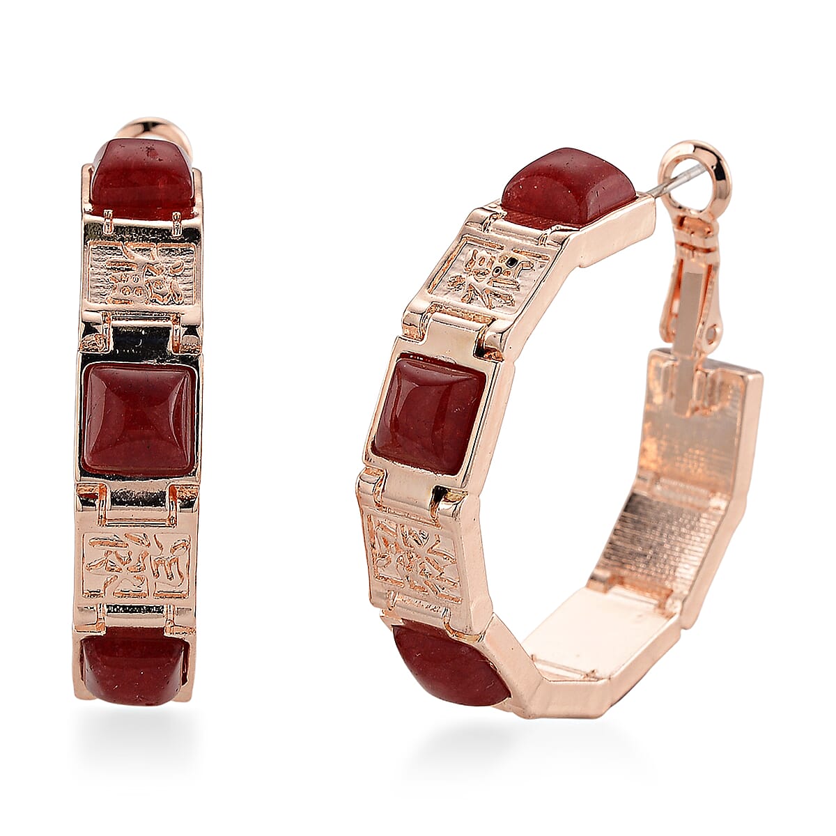 Cherry Quartz 5.00 ctw Hoop Earrings in Rosetone
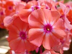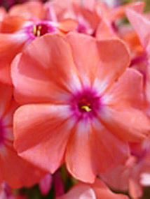 Флокс Золотая Русь. Цветки крупные, колесовидной формы, прекрасного розовато-оранжевого цвета с посветлением в центре и ярким пурпурным колечком. Соцветие плотное, овальное. Цветки очень крупные: 4,5 см. Высота 70 см. Срок цветения средний. Очень красивый!
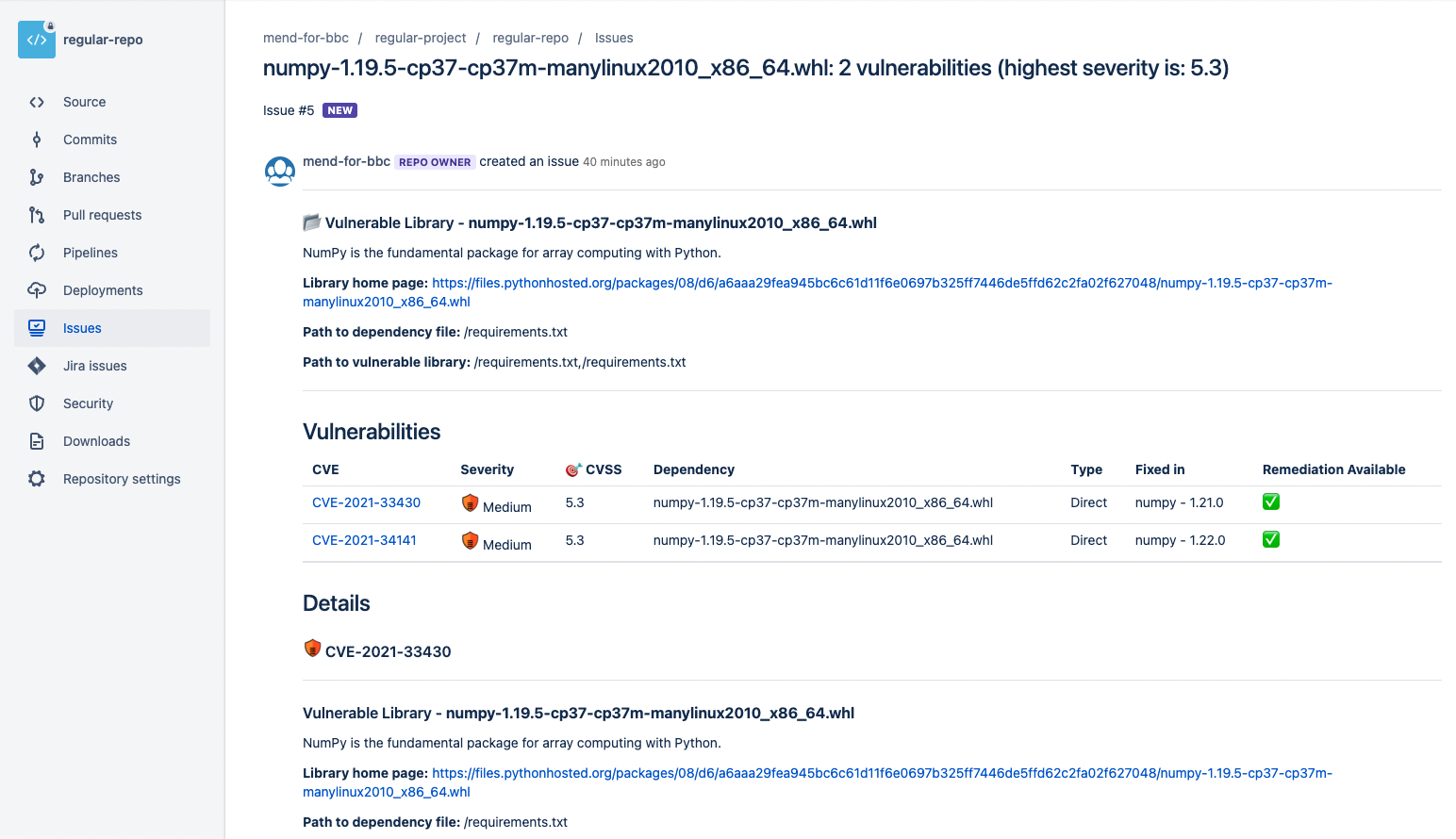 Issue: A link to the Mend issue that was generated for the vulnerability.
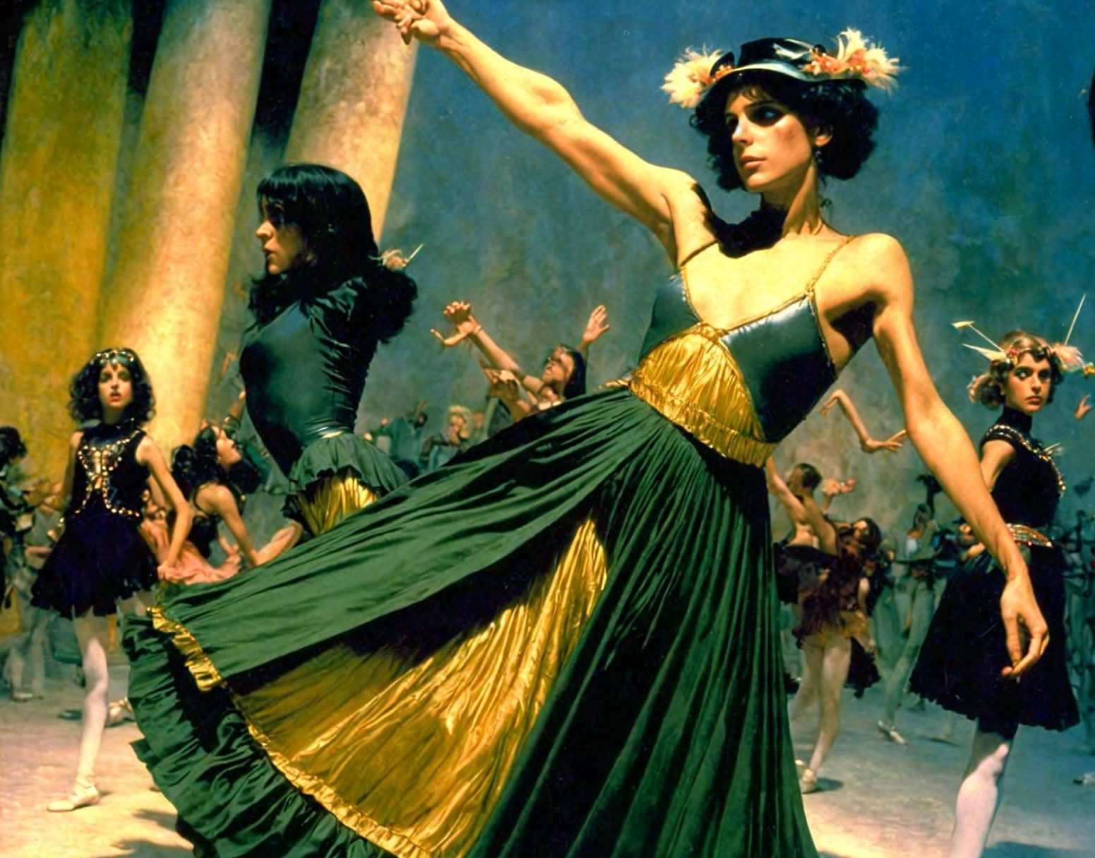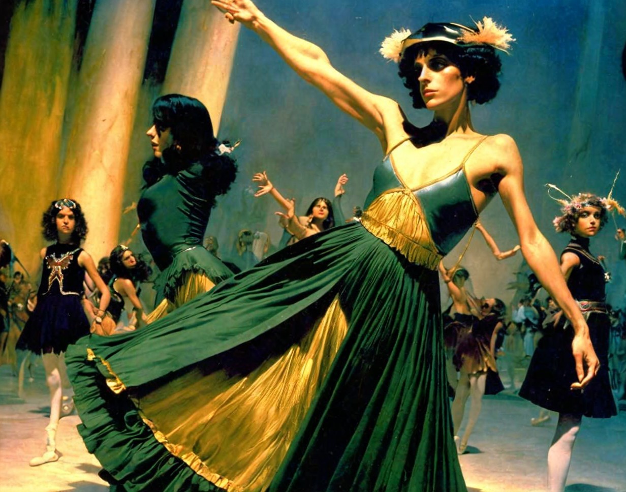 A painting depicting dancers in black and gold costumes performing, with one prominently in the foreground.

Task item:
Your task is to output the material word for word while leaving out every image.

Task response:
 Cherry Quartz 5.00 ctw Hoop Earrings in Rosetone
 Флокс Золотая Русь. Цветки крупные, колесовидной формы, прекрасного розовато-оранжевого цвета с посветлением в центре и ярким пурпурным колечком. Соцветие плотное, овальное. Цветки очень крупные: 4,5 см. Высота 70 см. Срок цветения средний. Очень красивый!
 Issue: A link to the Mend issue that was generated for the vulnerability.
 A painting depicting dancers in black and gold costumes performing, with one prominently in the foreground.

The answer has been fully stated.